Work item
Pictures excluded, return the lines below from the first through the line holding "- Portable and".
Information shown START
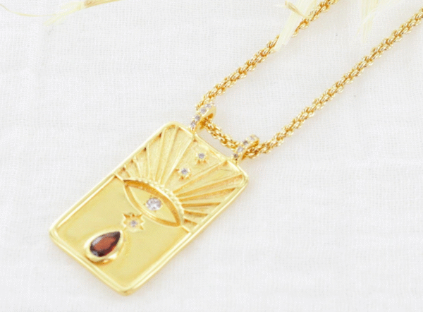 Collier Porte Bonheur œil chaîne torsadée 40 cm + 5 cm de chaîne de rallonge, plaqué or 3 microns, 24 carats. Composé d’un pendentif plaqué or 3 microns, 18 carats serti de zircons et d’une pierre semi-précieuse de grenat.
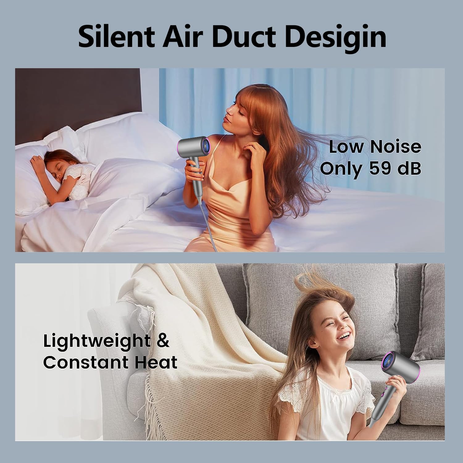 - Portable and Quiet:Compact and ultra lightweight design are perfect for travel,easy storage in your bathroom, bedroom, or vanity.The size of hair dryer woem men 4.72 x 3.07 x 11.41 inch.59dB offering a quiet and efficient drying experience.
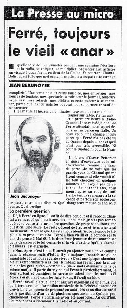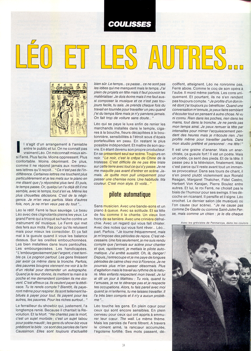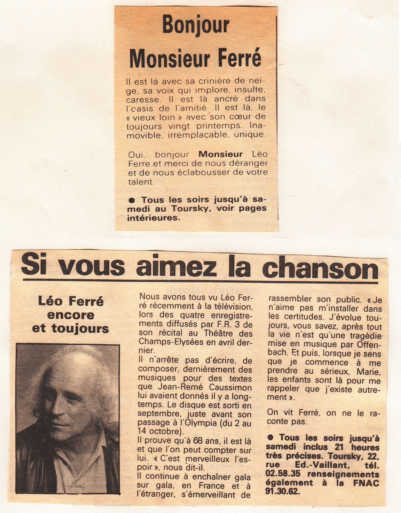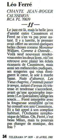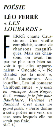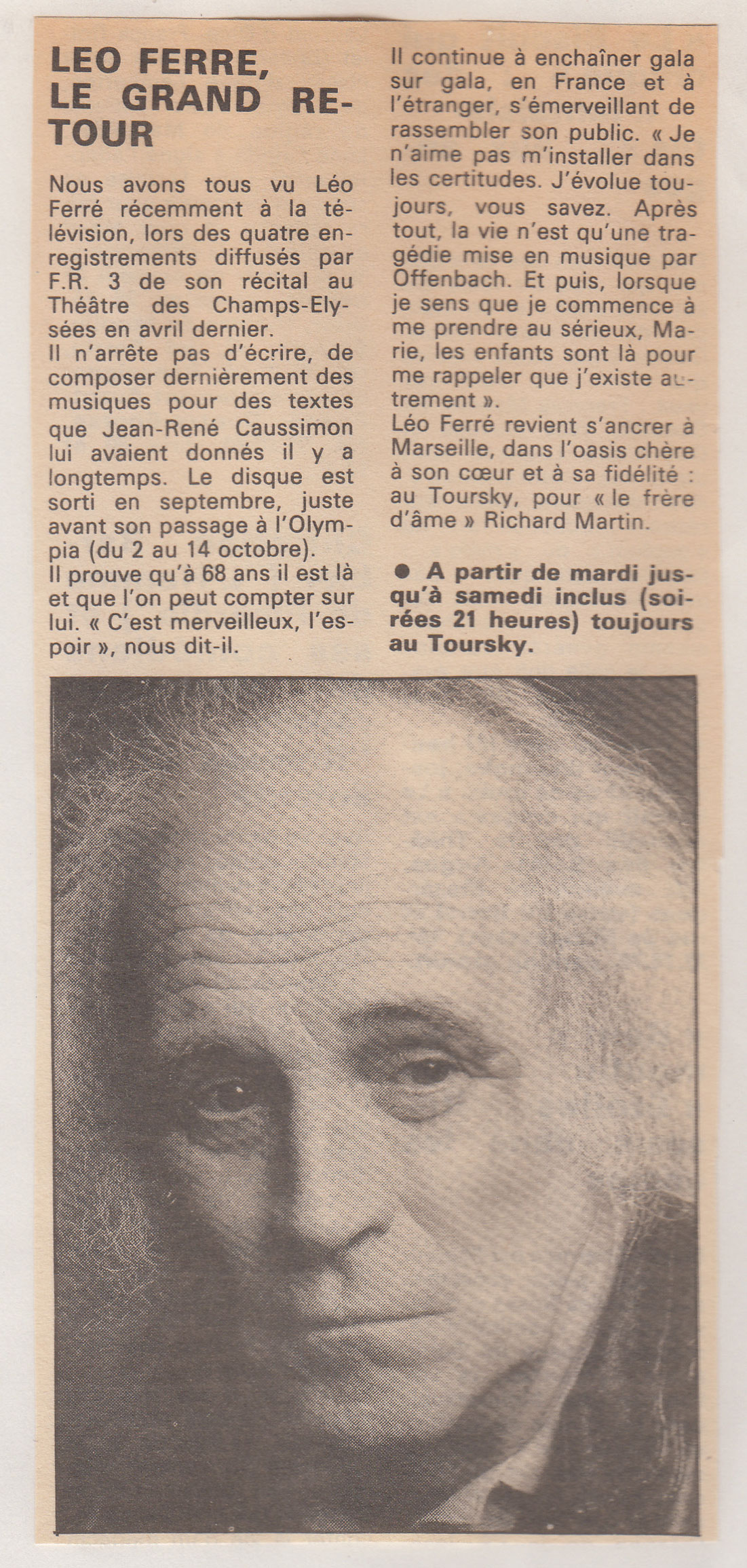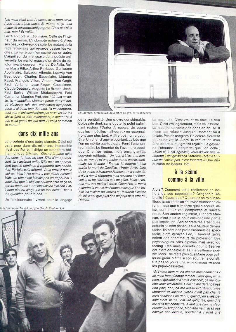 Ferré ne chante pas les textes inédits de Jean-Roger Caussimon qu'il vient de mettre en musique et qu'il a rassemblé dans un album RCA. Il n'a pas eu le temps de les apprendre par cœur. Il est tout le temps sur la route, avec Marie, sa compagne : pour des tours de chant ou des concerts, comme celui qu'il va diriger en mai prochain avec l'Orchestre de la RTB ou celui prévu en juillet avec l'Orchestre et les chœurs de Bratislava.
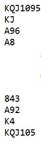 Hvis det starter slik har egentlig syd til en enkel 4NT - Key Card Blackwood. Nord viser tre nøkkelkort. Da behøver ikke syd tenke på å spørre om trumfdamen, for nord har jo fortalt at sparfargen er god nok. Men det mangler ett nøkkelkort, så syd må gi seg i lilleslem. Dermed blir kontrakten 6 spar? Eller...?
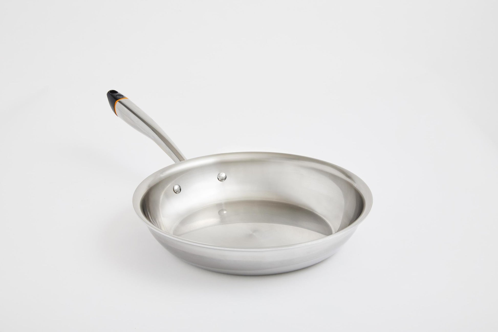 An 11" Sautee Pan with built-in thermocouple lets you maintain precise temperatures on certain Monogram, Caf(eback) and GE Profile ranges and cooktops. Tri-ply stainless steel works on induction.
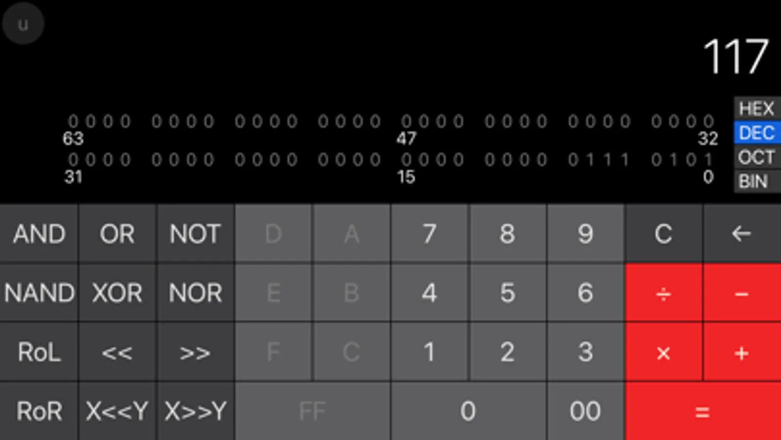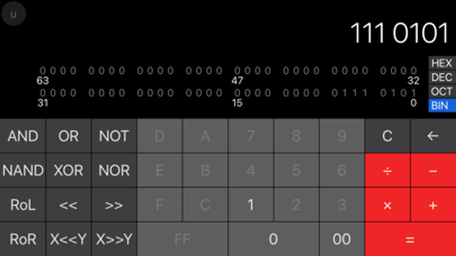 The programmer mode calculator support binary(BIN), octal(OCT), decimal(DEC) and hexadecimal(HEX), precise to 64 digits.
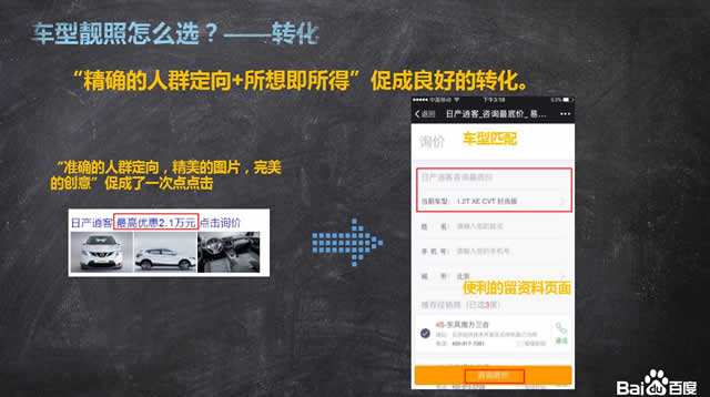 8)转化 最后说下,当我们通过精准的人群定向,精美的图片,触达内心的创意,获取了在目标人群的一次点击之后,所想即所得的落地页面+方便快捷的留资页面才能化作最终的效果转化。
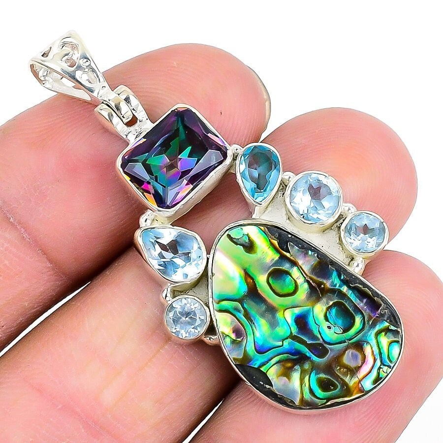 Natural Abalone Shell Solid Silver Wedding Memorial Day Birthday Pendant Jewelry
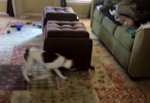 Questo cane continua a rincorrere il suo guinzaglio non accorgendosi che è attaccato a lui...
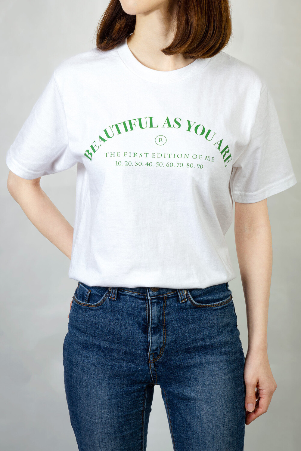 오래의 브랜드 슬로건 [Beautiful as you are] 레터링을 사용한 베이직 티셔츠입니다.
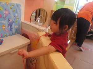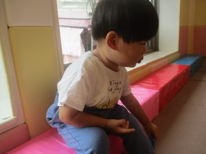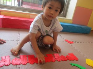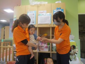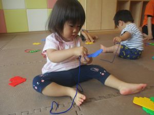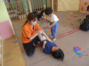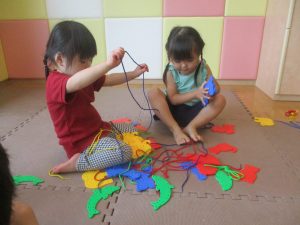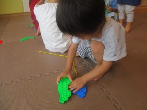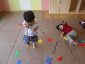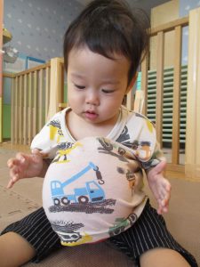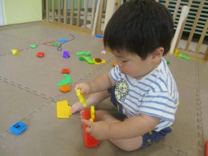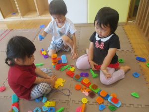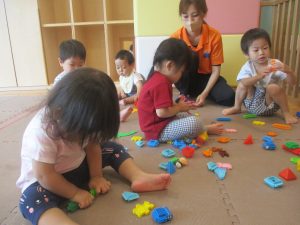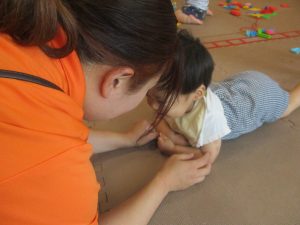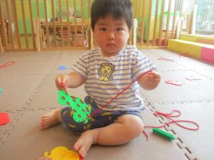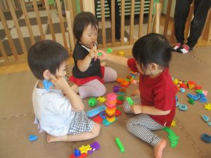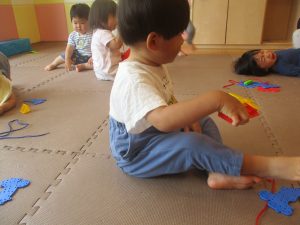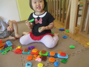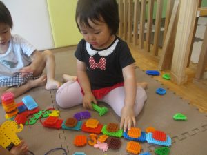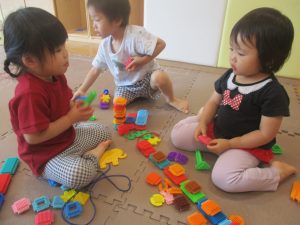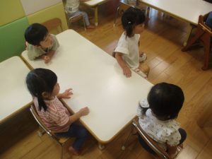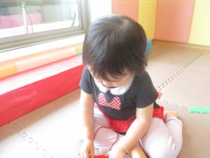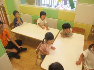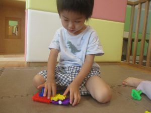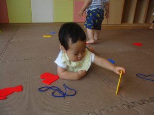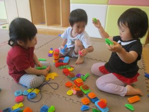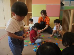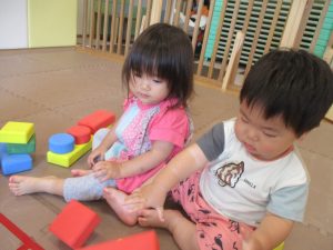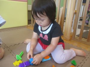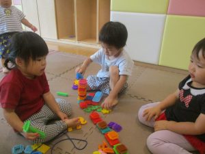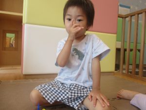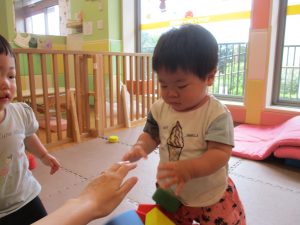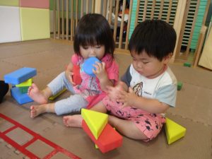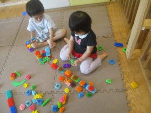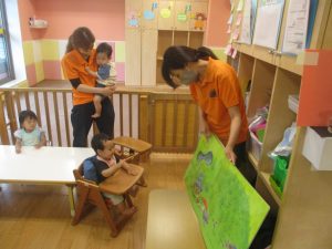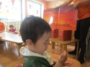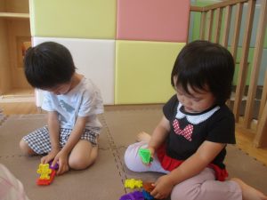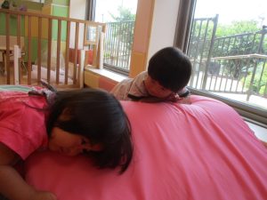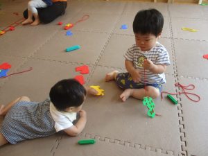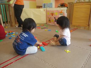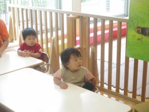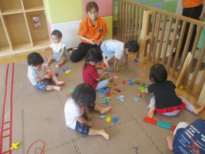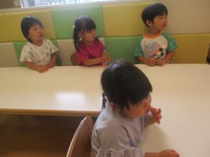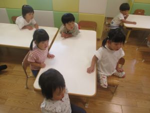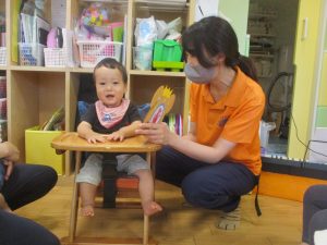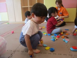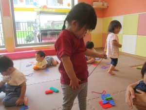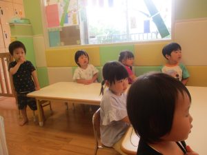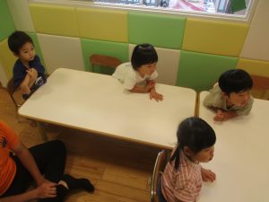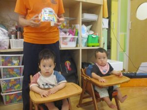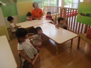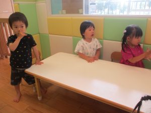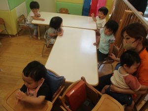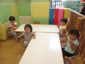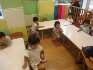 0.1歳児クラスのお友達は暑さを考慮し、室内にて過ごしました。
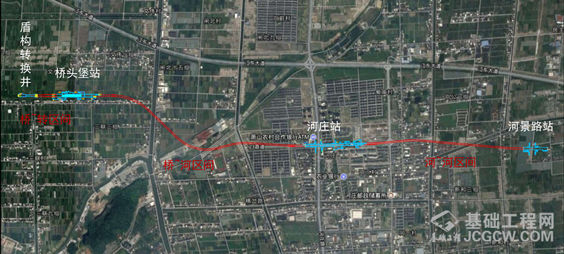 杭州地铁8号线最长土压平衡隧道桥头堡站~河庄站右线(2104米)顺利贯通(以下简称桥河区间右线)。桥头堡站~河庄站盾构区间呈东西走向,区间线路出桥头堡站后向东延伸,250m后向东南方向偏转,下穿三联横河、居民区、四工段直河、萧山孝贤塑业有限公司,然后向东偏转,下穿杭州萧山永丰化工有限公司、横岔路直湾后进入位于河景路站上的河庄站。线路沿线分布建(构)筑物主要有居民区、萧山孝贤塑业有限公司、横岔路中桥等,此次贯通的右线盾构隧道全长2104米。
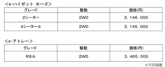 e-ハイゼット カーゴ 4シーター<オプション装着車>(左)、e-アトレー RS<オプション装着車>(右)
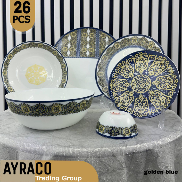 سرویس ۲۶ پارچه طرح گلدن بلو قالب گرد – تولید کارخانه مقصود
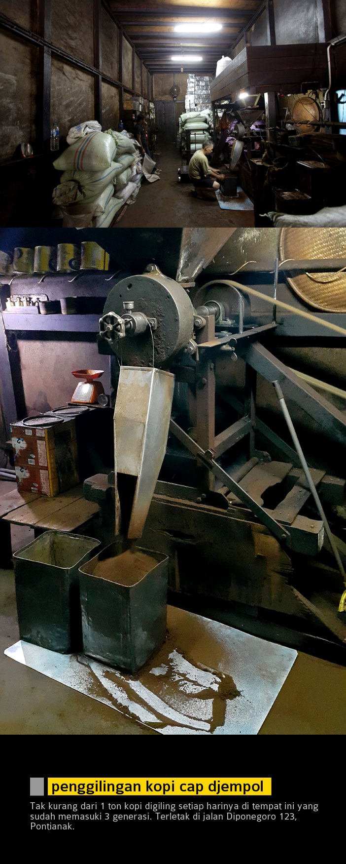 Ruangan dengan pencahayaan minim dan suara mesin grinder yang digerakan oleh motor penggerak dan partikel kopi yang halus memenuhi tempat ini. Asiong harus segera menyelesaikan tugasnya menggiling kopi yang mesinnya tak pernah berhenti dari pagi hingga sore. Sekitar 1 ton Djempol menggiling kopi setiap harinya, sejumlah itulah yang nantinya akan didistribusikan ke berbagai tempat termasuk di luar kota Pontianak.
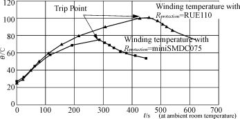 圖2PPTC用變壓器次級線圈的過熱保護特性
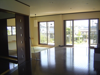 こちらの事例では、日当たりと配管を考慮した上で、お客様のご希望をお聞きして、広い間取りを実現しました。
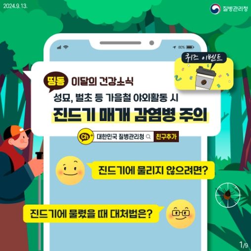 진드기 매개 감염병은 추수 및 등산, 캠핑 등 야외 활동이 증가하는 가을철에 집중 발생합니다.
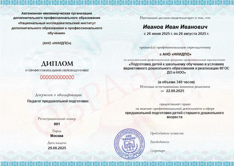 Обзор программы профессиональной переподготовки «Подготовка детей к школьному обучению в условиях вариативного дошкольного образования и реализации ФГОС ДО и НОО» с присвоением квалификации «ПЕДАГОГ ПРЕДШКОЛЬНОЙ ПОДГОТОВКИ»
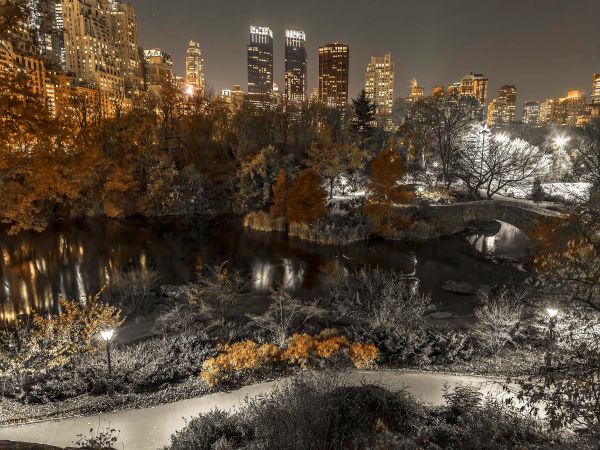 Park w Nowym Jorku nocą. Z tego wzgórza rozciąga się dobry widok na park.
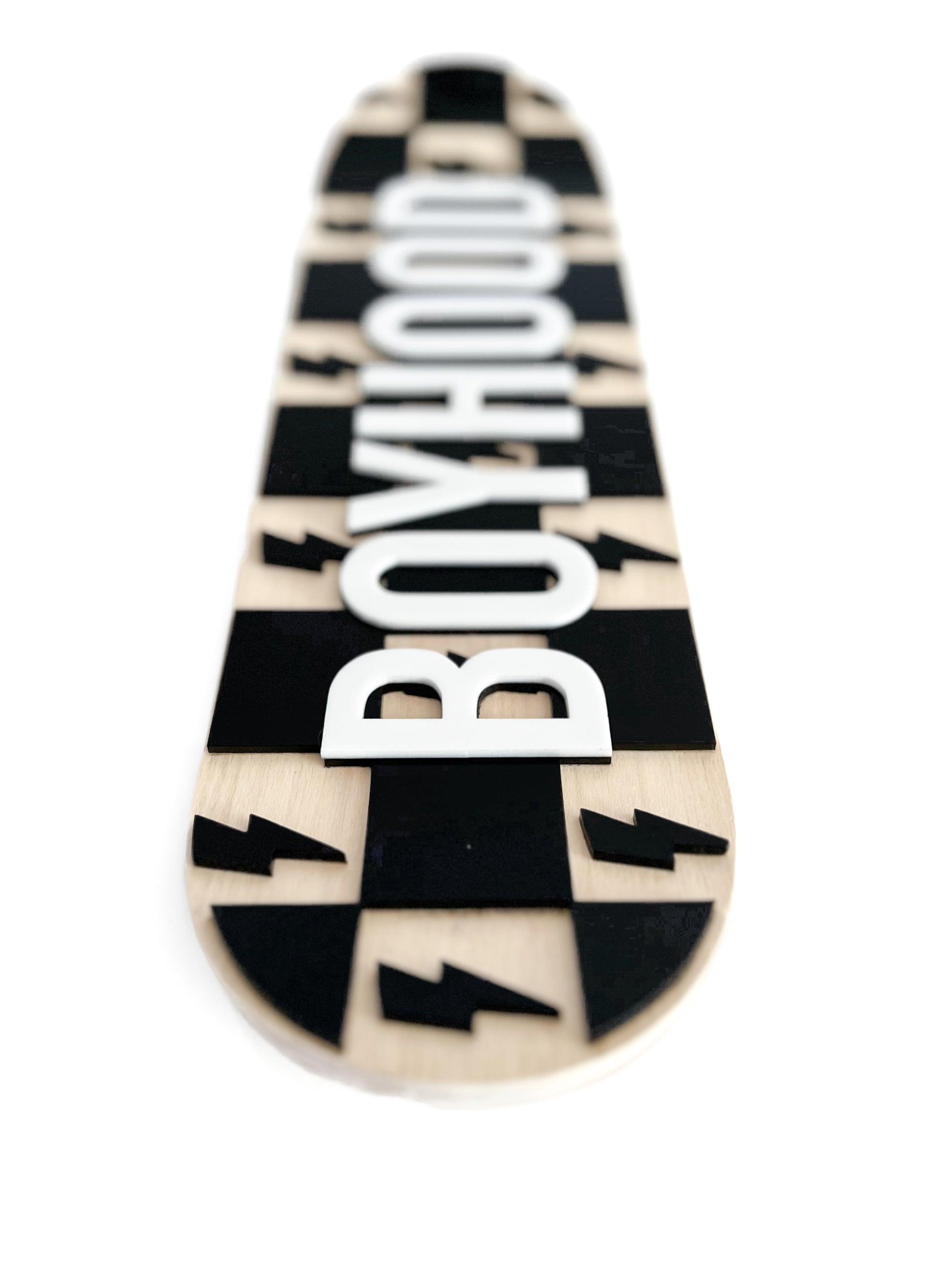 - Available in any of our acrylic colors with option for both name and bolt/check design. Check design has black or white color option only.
Information shown END
Solution to the exercise
 Collier Porte Bonheur œil chaîne torsadée 40 cm + 5 cm de chaîne de rallonge, plaqué or 3 microns, 24 carats. Composé d’un pendentif plaqué or 3 microns, 18 carats serti de zircons et d’une pierre semi-précieuse de grenat.
 - Portable and Quiet:Compact and ultra lightweight design are perfect for travel,easy storage in your bathroom, bedroom, or vanity.The size of hair dryer woem men 4.72 x 3.07 x 11.41 inch.59dB offering a quiet and efficient drying experience.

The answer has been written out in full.